Let's get down to business: the live-action ‘Mulan’ disappoints

Disney’s new live-action Mulan is an overtly white interpretation of Chinese culture and a subpar adaptation of its animated antecedent, disappointing its $200 million production budget—and fans—on both fronts.

I adored the 1998 original animated Mulan growing up and was tentative about the live-action adaptation, but I wanted to support an all-Asian cast in retelling the legend of my favourite heroine. I was let down.

The film, despite boasting a dazzling cast and breathtaking backdrops, was disenchanting—it was shallow and unrecognizable in the context of both the 1998 animation and original Chinese folklore. For a director who cut the animation’s most memorable characters and well-loved musical numbers in pursuit of realism, Niki Caro certainly dedicated a wearisome amount of screen time to Mulan’s superpower and a shapeshifting witch.

Mulan’s courage is meant to be empowering and her growth moving, and a key element in eliciting such an emotional reaction from the audience lies in how we identify and empathize with her character and journey.

In the animation, Mulan’s interspersed moments of conviction, weakness, and playfulness shape her character. She enlists in the Chinese army unskilled and inexperienced, and she excels because of her relentless determination. The live-action Mulan, however, is born with a superhuman amount of qi—vital energy—granting her at birth the skill and strength she should’ve earned.

Mulan’s superpower also diminishes the feminist values central to her story. The adaptation connotes that her abilities and distinction over her male peers can be chalked up to a superpower she didn’t work for.

There’s no place for the unyielding perseverance that characterized “I’ll Make a Man Out of You,” the animation’s unforgettable training sequence. This Mulan has no room to grow and no need to prove herself.

The live-action Mulan doesn’t need us to root for her, and she lacks the nuances that made her animated counterpart captivating. Once a film loses sight of the very heart of its protagonist, what’s left for the audience to invest in? Certainly not accurate representation of Chinese culture—the film’s odd, misguided obsession with honour and the empty symbolism of the phoenix, among other oversimplifications, was disheartening.
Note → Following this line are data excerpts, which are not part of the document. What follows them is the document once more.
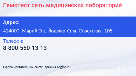 Гемотест, сеть медицинских лабораторий по адресу 424000, Марий Эл, Йошкар-Ола, Советская, 105 в дальнейшем Организация, размещена в следующих категориях: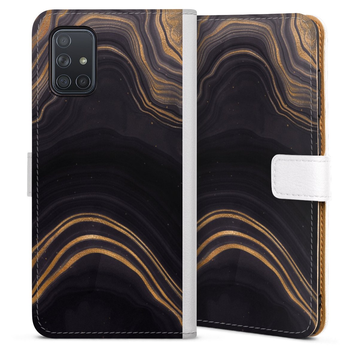 For our Sideflip Case we are using our advanced direct printing technology. The back and frontside are fully printabale, the inside of the phone bag is left unprinted. You can order the phone case without print, printed completely or also with a partial print.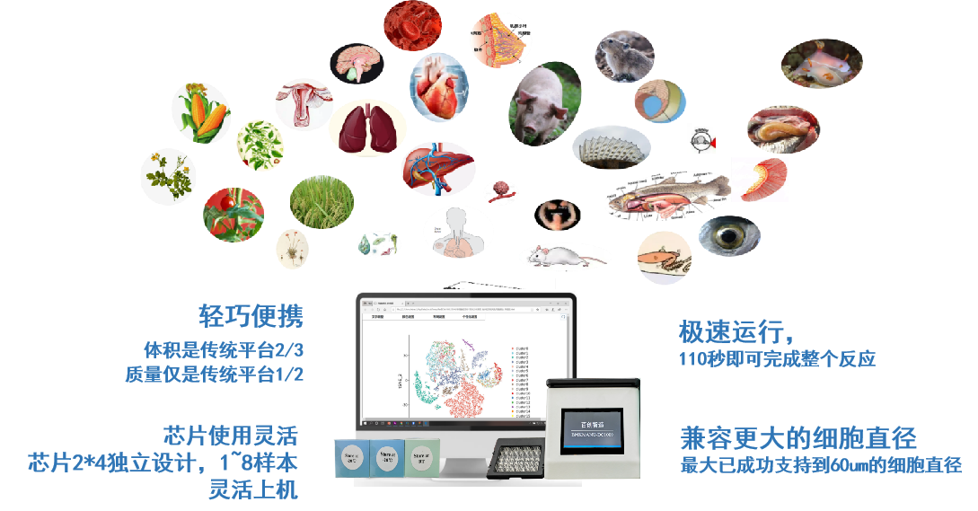 百創智造自主研發的單細胞平臺–百創DG1000,是基于微流控、油滴包裹和Barcode標記等技術來實現高通量的細胞捕獲。除了儀器以外,百創DG1000還有配套的2×4的獨立芯片、GEM形成試劑盒、純化試劑盒、以及建庫試劑盒。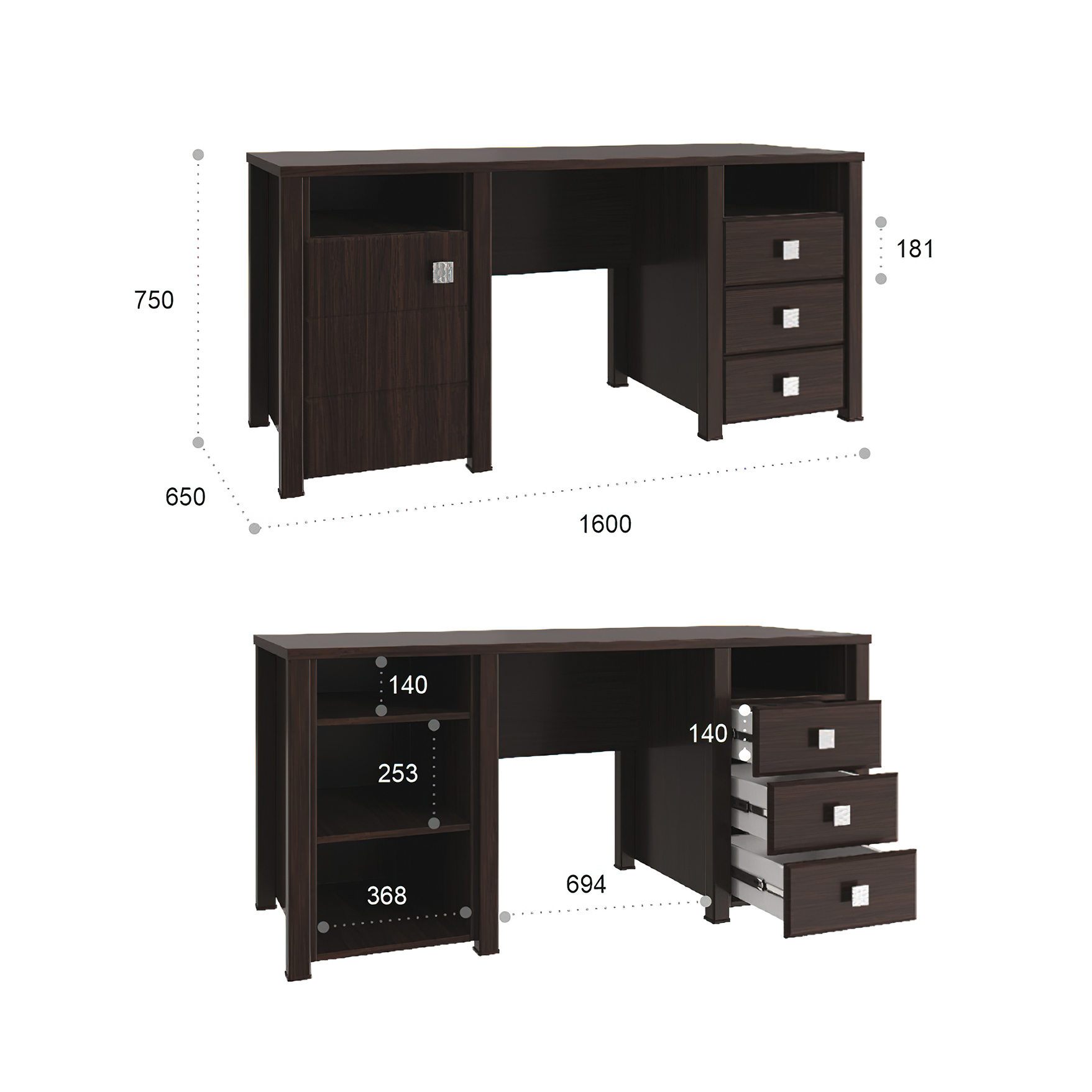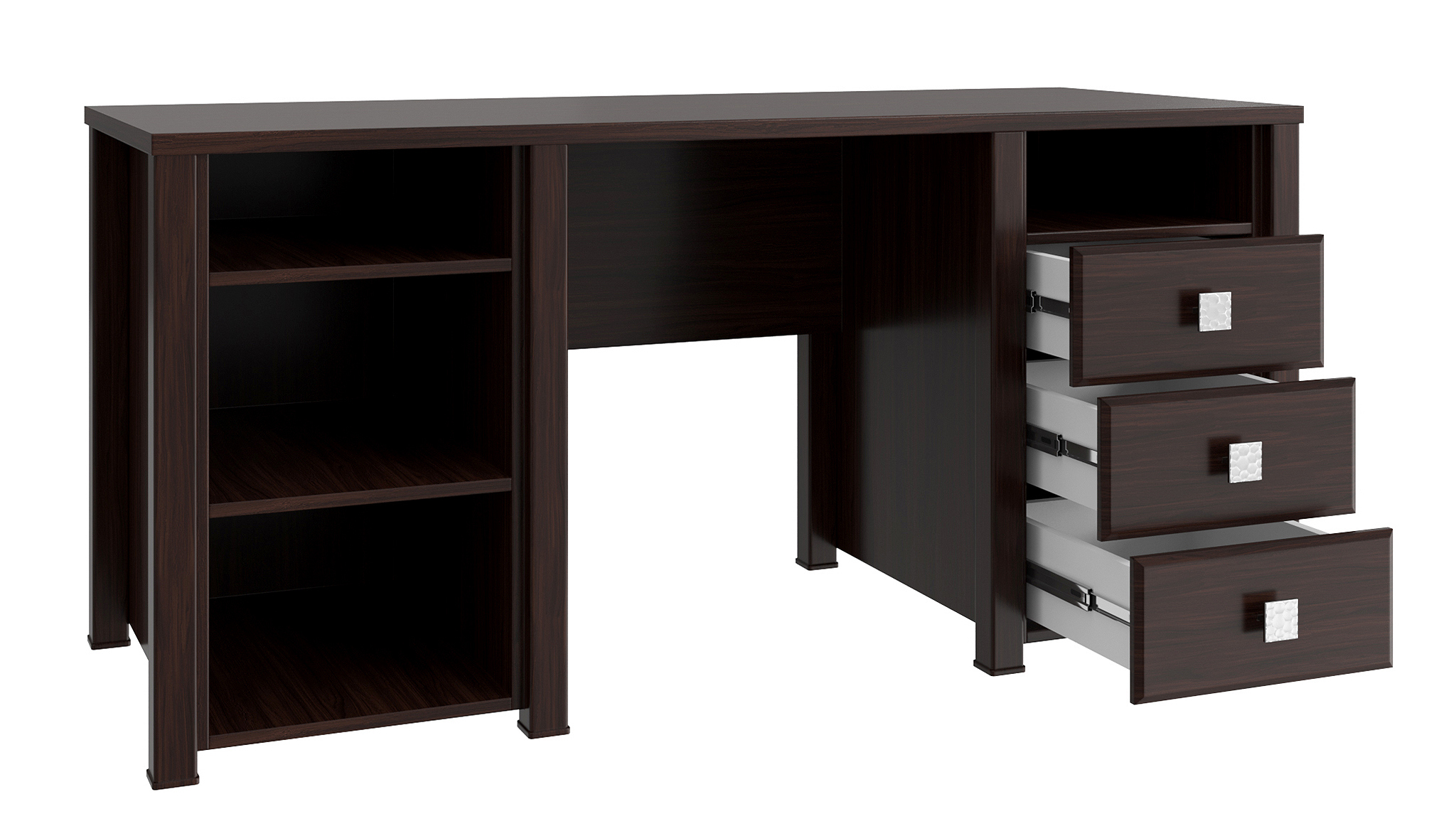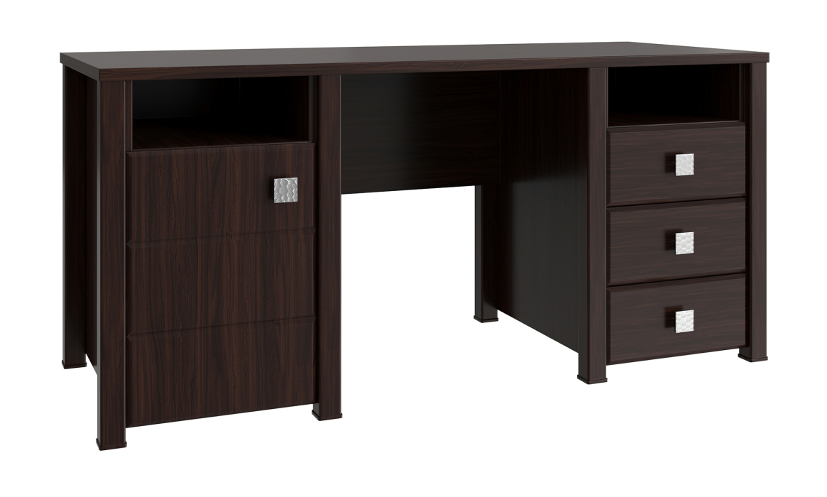 Письменный стол Изабель ИЗ-41К стильный и практичный вариант как для руководителя, так и для школьника. В этой модели присутствует всё необходимое для работы дома и офиса. Стол оснащен двумя нишами для документов, три вместительных ящика на телескопических направляющих и закрытое отделение с двумя полками.Важная информация.Мебель доставляется в разобранном виде, в упаковках.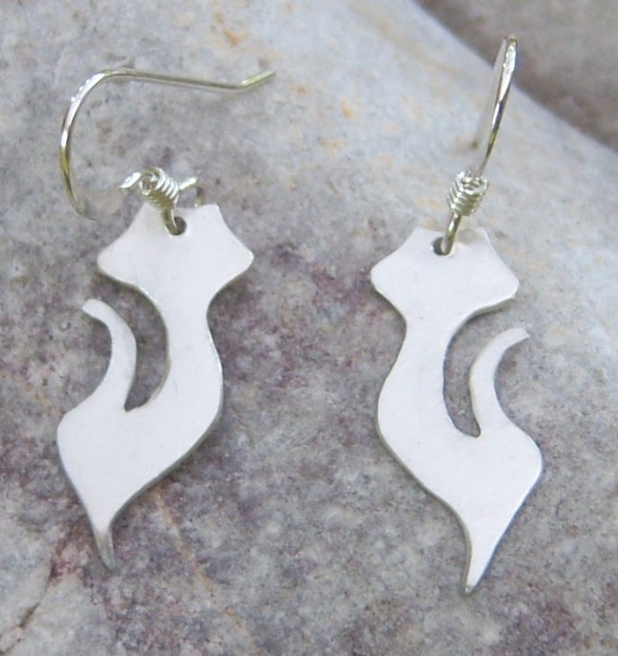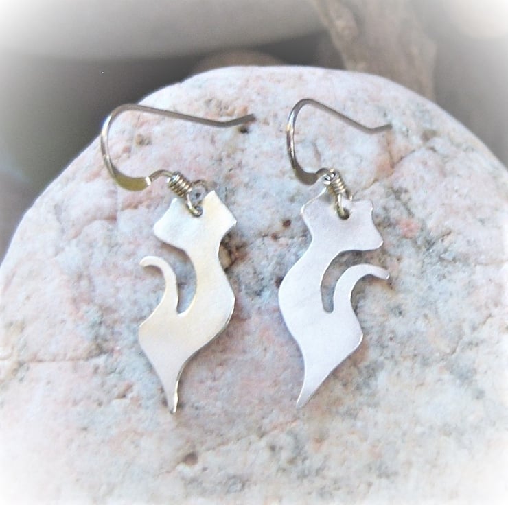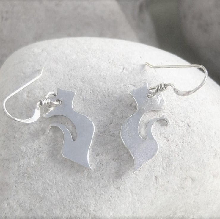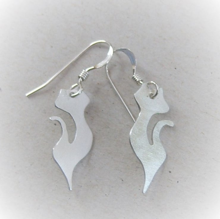 Silhouettes of a cat cut from a sheet of sterling silver. Approximately 2 cms tall. Finished with sterling silver ear wires
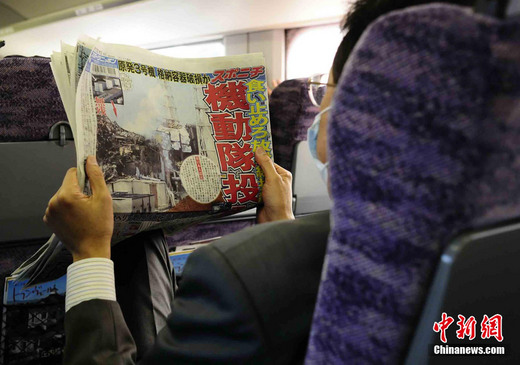 3月17日下午,在一列前往東京的新干線列車上,一名日本人在閱讀關于福島核電站三號機組最新狀況的報道。中新社發 侯宇 攝

Mulan (2020) failed remarkably in its attempt to capture Chinese viewership, and I wonder if the overwhelmingly white production crew has anything to do it.

Even in moments meant to be poignant or heartfelt, the film falls flat.

For example, in the animation, Mulan’s return home and reconciliation with her father is intimate, taking place in their garden beneath the flowering magnolia tree; in the adaptation, this evocative scene becomes an awkwardly composed spectacle in the village square, surrounded by onlookers.

In its closing lines, the film makes a last-ditch effort at capturing the emotions it failed to evoke in its audience: “The girl became a soldier, the soldier became a leader, and the leader became a legend.”

Missing emotional investment from the audience, the line comes to nothing, instead serving as the prosaic summary of an inefficacious film.

It’s beyond me how Disney managed to spin Mulan’s story into two unemotional hours of cultural insensitivity and flimsy screenwriting, but there it is: the live-action Mulan.